Distributed Energy Management for Multiple Data Centers With Renewable Resources and Energy Storages

For Internet and cloud computing service providers, running massive geo-distributed data centers incurs prodigious electricity cost and water consumption as well as carbon emission rooted in electricity generation. Thus, it is critical significant for providers to lower down the operation cost of data centers. In this article, we investigate the problem of energy management for geo-distributed data centers with renewable resources and energy storages. We aim to minimize the long-term operation cost including electricity cost, water consumption, and carbon emission by leveraging the spatiotemporal diversity of these system states.
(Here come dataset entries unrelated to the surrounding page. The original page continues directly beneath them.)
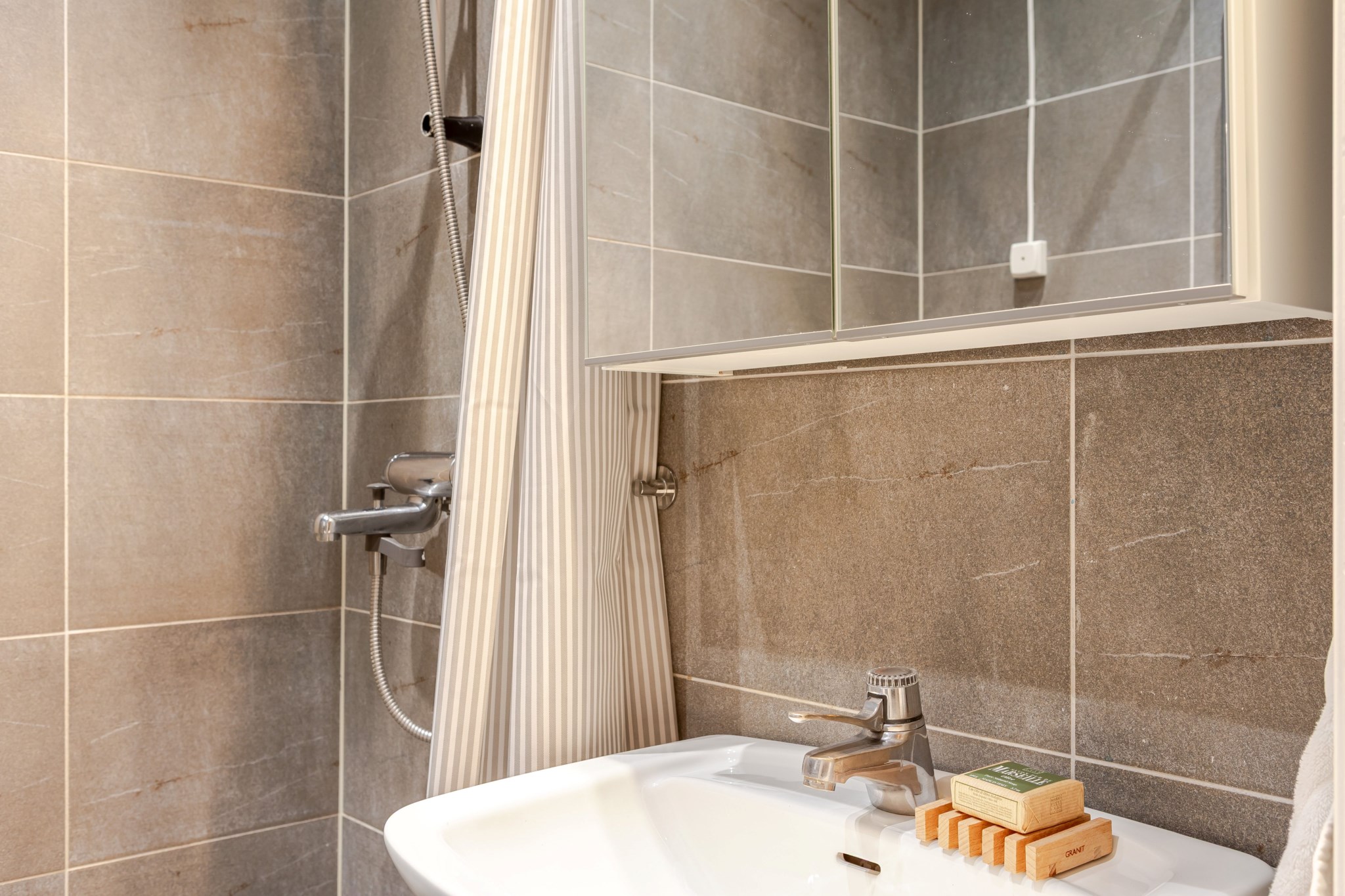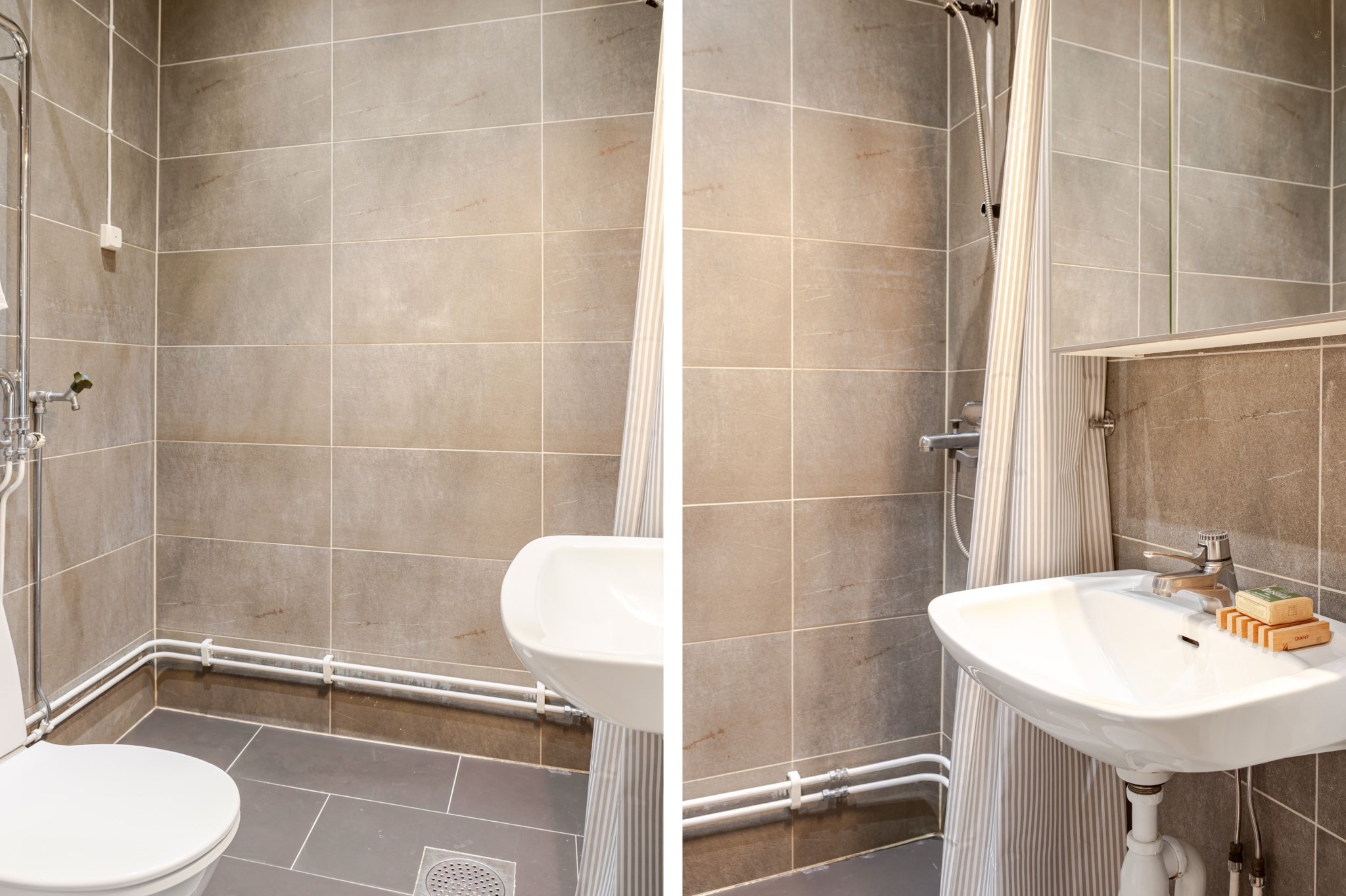 Helkaklat badrum med grått kakel och grått klinker. Badrummet är utrustat med WC, handfat och spegelskåp.
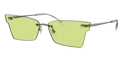 This rectangular Ray-Ban sunglass comes in a light gold frame with dark grey lenses.
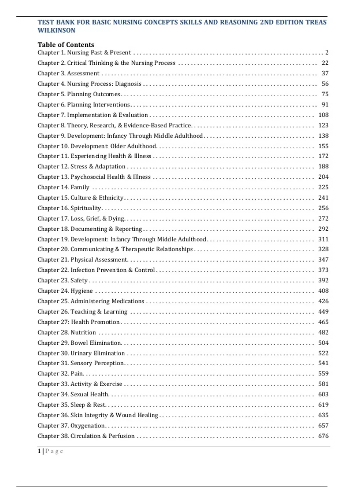 TEST BANK FOR BASIC NURSING CONCEPTS SKILLS AND REASONING 2ND EDITION TREAS WILKINSONTable of Contents Chapter 1. Nursing Past & Present ................................ ............................ 2 Chapter 2. Critical Thinking & the Nursing Process ................................ ............ 22 Chapter 3. Assessment ................................ ................................ .... 37 Chapter 4. Nursing Process: Diagnosis ................................ ....................... 56 Chapter 5. Planning Outcomes ................................ .............................. 75 Chapter 6. Planning Interventions ................................ ........................... 91 Chapter 7. Implementation & Evaluation ................................ .................... 108 Chapter 8. Theory, Research, & Evidence-Based Practice ................................ ....... 123 Chapter 9. Development: Infancy Through Middle Adulthood ................................ ... 138 Chapter 10. Development: Older Adulthood ................................ .................. 155 Chapter 11. Experiencing Health & Illness ................................ ................... 172 Chapter 12. Stress & Adaptation ................................ ........................... 188 Chapter 13. Psychosocial Health & Illness ................................ ................... 204 Chapter 14. Family ................................ ................................ ...... 225 Chapter 15. Culture & Ethnicity ................................ ............................ 241 Chapter 16. Spirituality ................................ ................................ ... 256 Chapter 17. Loss, Grief, & Dying................................ ............................ 272 Chapter 18. Documenting & Reporting ................................ ...................... 292 Chapter 19. Development: Infancy Through Middle Adulthood ................................ .. 311 Chapter 20. Communicating & Therapeutic Relationships ................................ ...... 328 Chapter 21. Physical Assessment ................................ ........................... 347 Chapter 22. Infection Prevention & Control ................................ .................. 373 Chapter 23. Safety ................................ ................................ ....... 392 Chapter 24. Hygiene ................................ ................................ ..... 408 Chapter 25. Administering Medications ................................ ..................... 426 Chapter 26. Teaching & Learning ................................ .......................... 449 Chapter 27: Health Promotion ................................ ............................. 465 Chapter 28. Nutrition ................................ ................................ .... 482 Chapter 29. Bowel Elimination................................ ............................. 504 Chapter 30. Urinary Elimination ................................ ........................... 522 Chapter 31. Sensory Perception ................................ ............................ 541 Chapter 32. Pain................................ ................................ ......... 559 Chapter 33. Activity & Exercise ................................ ............................ 581 Chapter 34. Sexual Health ................................ ................................ . 603 Chapter 35. Sleep & Rest ................................ ................................ .. 619 Chapter 36. Skin Integrity & Wound Healing ................................ ................. 635 Chapter 37. Oxygenation ................................ ................................ .. 657 Chapter 38. Circulation & Perfusion ................................ ........................ 676 1 | P a g eChapter 39. Fluids, Electrolytes, & Acid–Base Balance ................................ ......... 692 Chapter 40. Perioperative Nursing ................................ ......................... 715 Chapter 41. Leading & Managing ................................ ........................... 734 Chapter 42. Community & Home Health Nursing ................................ ............. 749 Chapter 43. Ethics & Values ................................ ............................... 771 Chapter 44. Legal Accountability ................................ ........................... 787 Chapter 45. Nursing Informatics ................................ ........................... 803 Chapter 46. Holistic Healing ................................ ............................... 818 Chapter 1. Nursing Past & Present MULTIPLE CHOICE 2 | P a g e1. Which is the most influential factor that has shaped the nursing profession? 1) Physicians’ need for handmaidens 2) Societal need for healthcare outside the home 3) Military demand for nurses in the field 4) Germ theory influence on sanitation ANS: 3 Chapter number and title: 1, Nursing Past & Present Chapter learning objective: Define nursing in your own words. Chapter page reference: p. 7 Heading: Historical Context of Nursing Integrated Processes: Teaching and Learning Client Need: Safe and Effective Care Environment: Management of Care Cognitive level: Comprehension [Understanding] Concept: Professionalism Difficulty: Easy Feedback 1 The physician's handmaiden was/is a nursing stereotype rather than an influence on nursing. 2 Although there has been a need for healthcare outside the home throughout history, this has more influenceonthedevelopment of hospitals than on nursing; this need provided one more setting for nursing work. 3 Throughout the centuries, stability of the government has been related to the success of the military to protect or extend its domain. As the survival and well-being of soldiers are both critical, nurses provided healthcare to the sick and injured at the battle site. 4 Germ theory and sanitation helped to improve healthcare but did not shape nursing. PTS: 1 CON: Professionalism 2. Wh
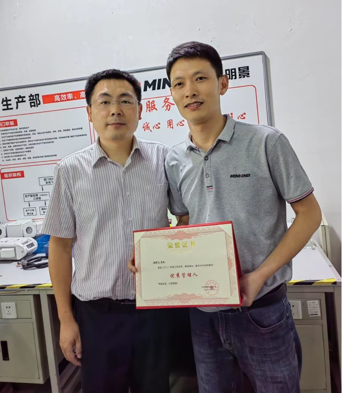 “優(yōu)秀管理人”——朱傳飛,生產(chǎn)部經(jīng)理兼售后服務(wù)經(jīng)理,作為生產(chǎn)管理第一責(zé)任人,2021年通過(guò)帶領(lǐng)技術(shù)骨干調(diào)整工序、優(yōu)化工藝流程(攻關(guān)改進(jìn)92項(xiàng))等,極大的提高了產(chǎn)能,與上一年相比,入庫(kù)產(chǎn)量提升18.7%、入庫(kù)產(chǎn)值提升36%;帶領(lǐng)團(tuán)隊(duì)的售后團(tuán)隊(duì)年度維修及時(shí)率96%、維修總量2113件、維修質(zhì)量100%、零投訴、售后服務(wù)滿意度100%,并創(chuàng)造了二次銷(xiāo)售與盈利;作為生產(chǎn)安全第一責(zé)任人,定期組織宣導(dǎo)安全教育,做到全年生產(chǎn)財(cái)產(chǎn)、人身安全零事故。
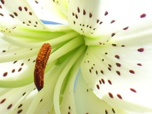 Ik las op een Frans parfumblog dat wanneer Mathilde Laurent mensen vroeg naar hun favoriete bloem, de meesten lelie zeiden. En ook dat ze geen zin had om de ‘duizend-en-eenste’ floriental en een nieuwe bloemencompostie toe te voegen aan het assortiment. Daarom werd Baiser Volé een leliegeur waarin zowel het blad, de bloem als de stamper tot leven komt. De stam staat dus volgens mij voor frisse groenheid, de bloem voor de bloemengeur en de stamper voor de poederige en sensuele noot.
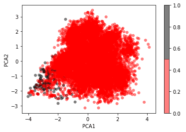 Before a model was created, I wondered if that now we have a labelled dataset, would any clusters emerge from our PCA analysis carried out previously? Note the analysis is exactly the same, PCA is an unsupervised process, so it doesn’t use any labels, this was just for a visualisation aid:
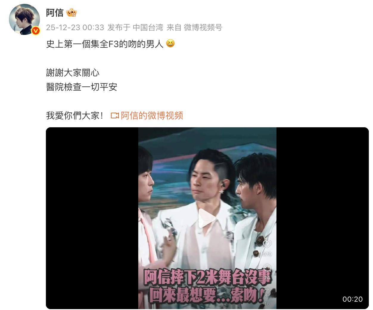 阿信报平安阿信医院检查一切平安 23日凌晨,阿信摔下舞台后发博报平安,“谢谢大家关心,医院检查一切平安。”
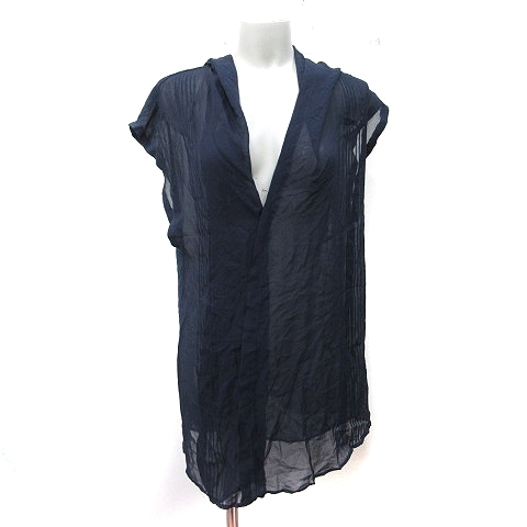 アトウ ato シフォンブラウス フレンチスリーブ シアー フード F 紺 ネイビー /YI レディース
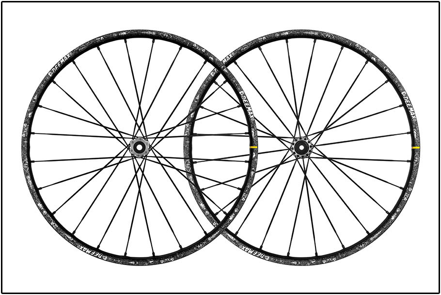 De wielset wordt gekenmerkt door glimmend gepolijste naven en zilverkleurige stickers op de velgen. Technisch gezien is het echter geen nieuwe wielset. Dat betekent dus nog altijd de bekende 28 mm hookless aluminium velg. In deze tijd misschien zelfs smal te noemen in dit segment. Niettemin zou de velg nog altijd perfect combineren met 2.5-2.6” brede banden. Mavic gebruikt hun ‘Fore’ technologie om geen gaten te hoeven boren in het velgbed. Deze techniek stond ruim 20 jaar geleden aan de wieg van Mavic’s UST (Universal System Tubeless). En nog steeds biedt het een voordeel omdat je géén velglint nodig hebt, aangezien het aluminium velgprofiel dus geheel luchtdicht is.
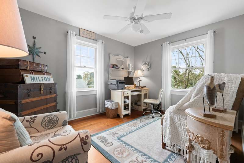 * Highly Motivated Seller * Welcome to this exquisite Colonial-style residence in the heart of Milton, Delaware, where timeless architecture seamlessly blends with modern sophistication, all while capturing serene views of Wagamons Pond. This beautifully appointed 4-bedroom, 3-bath home offers exceptional comfort and versatility, including two primary suites, one conveniently located on the main level and another upstairs featuring a private balcony with tranquil pond views. Inside, you’ll find a spacious and inviting living area anchored by a wood-burning fireplace with dual access to the screened-in porch, the perfect setting for morning coffee or evening gatherings. The open-concept kitchen and dining area provide an ideal flow for entertaining, complete with modern appliances and generous space for culinary creativity. Notable interior details include an unfinished basement for future customization, an attic for additional storage, and ceiling fans throughout to enhance comfort. A true showpiece entryway, the brand-new custom Masterpiece Premium front door , crafted to fit 85.25” x 65.25” welcomes guests with style and distinction. Step outside to a fenced-in backyard, featuring a relaxing hot tub and ample space for outdoor enjoyment. Car enthusiasts and hobbyists will appreciate the garage/pole barn, which feature a separate 200-amp service, fully drywalled right side, and insulation in both garages. The space is wired for a generator, providing seamless backup power when needed. A separate shed offers even more storage options. Enjoy central air conditioning and efficient heat pump systems ensuring year-round comfort, all while being just minutes from Milton’s boutique shopping, dining, and historic charm.
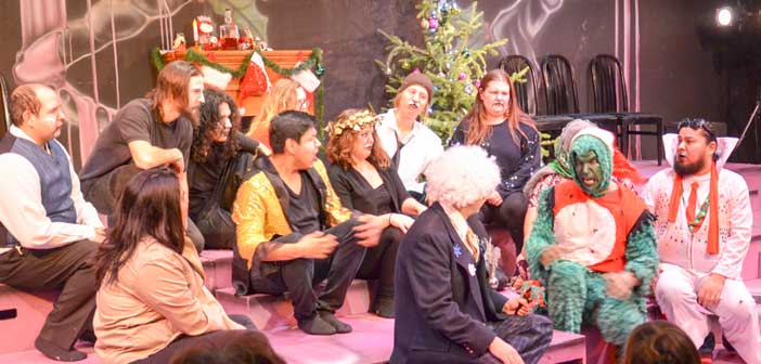 Audience members were treated to the rough and tumble hilarity that has come to mark the Debajehmujig festive season outings, with veteran Debaj thespian Bruce Naokwegijig anchoring the performance as the big green meanie, the varied and talented cast and crew took to the stage to thwart the Grinch through hook, crook and happenstance.
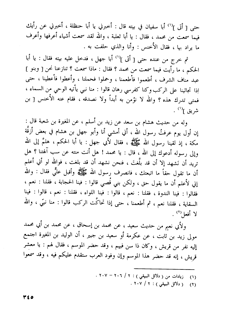 حتى [أتى] [ (1) ] أبا سفيان في بيته قال: أخبرني يا أبا حنظلة، أخبرني عن رأيك فيما سمعت من محمد، فقال: يا أبا ثعلبة، واللَّه لقد سمعت أشياء أعرفها وأعرف ما يراد بها، فقال الأخنس: وأنا والّذي حلفت به.
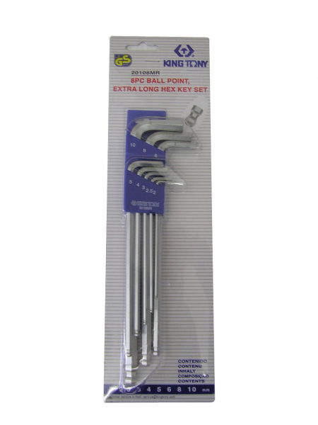 King Tony 8 részes gömbvégű extra hosszú imbuszkulcs készlet 2-10mm 20108MR
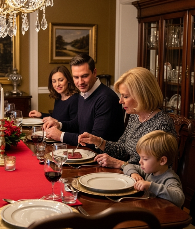 La table brillait comme une publicité pour les bonnes manières : un chemin de table cramoisi parfaitement droit, des couverts en argent alignés comme des soldats, huit assiettes d’un blanc immaculé scintillant sous un lustre en cristal à 4 000 dollars qui avait vu passer trois générations pour accomplir le rituel du « tout va bien ». Et puis il y avait le neuvième couvert – celui de mon fils – une absence déguisée en set de table.
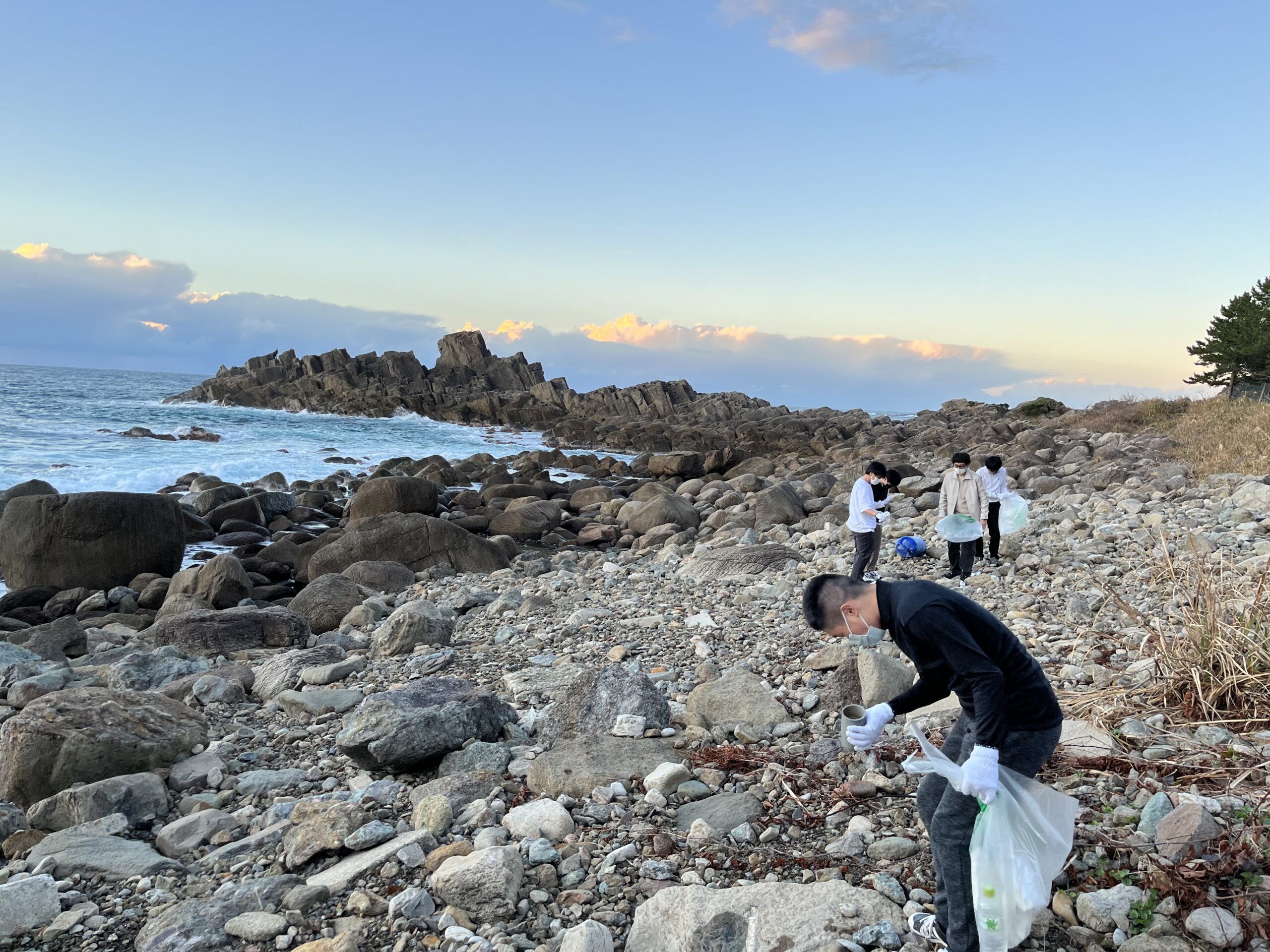 最後は志野さん達と一緒に越前海岸のゴミ拾いをしました。この時期はまだ少ない方と言われましたが、ヘルメットや韓国語の書かれたサンダルなど驚くほどの量が海岸に流れ着いていました。
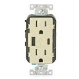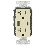Leviton 20 Amp Type A and Type-C USB Charger/Tamper Resistant Receptacle, Light Almond T5833-T

To this end, we first formulate the cost minimization problem as a stochastic optimization problem, then we adopt the Lyapunov optimization technique to design a close-to-optimal online algorithm which only needs the current system information and achieves a delicate tradeoff between system cost and performance of delay tolerant workloads. To reduce the computational complexity and unnecessary communication, we further propose a distributed algorithm based on the distributed computing framework alternating direction method of multipliers (ADMM), which enables each data center to make their own control decisions. Based on the real-world traces and extensive simulations, we demonstrate the effectiveness of our proposed algorithms.

Automated summary

This article investigates the energy management problem of geo-distributed data centers with renewable resources and energy storages. By leveraging the spatiotemporal diversity of system states, the goal is to minimize the long-term operation cost including electricity cost, water consumption, and carbon emission. The article proposes an online algorithm using Lyapunov optimization technique and a distributed algorithm based on the ADMM framework.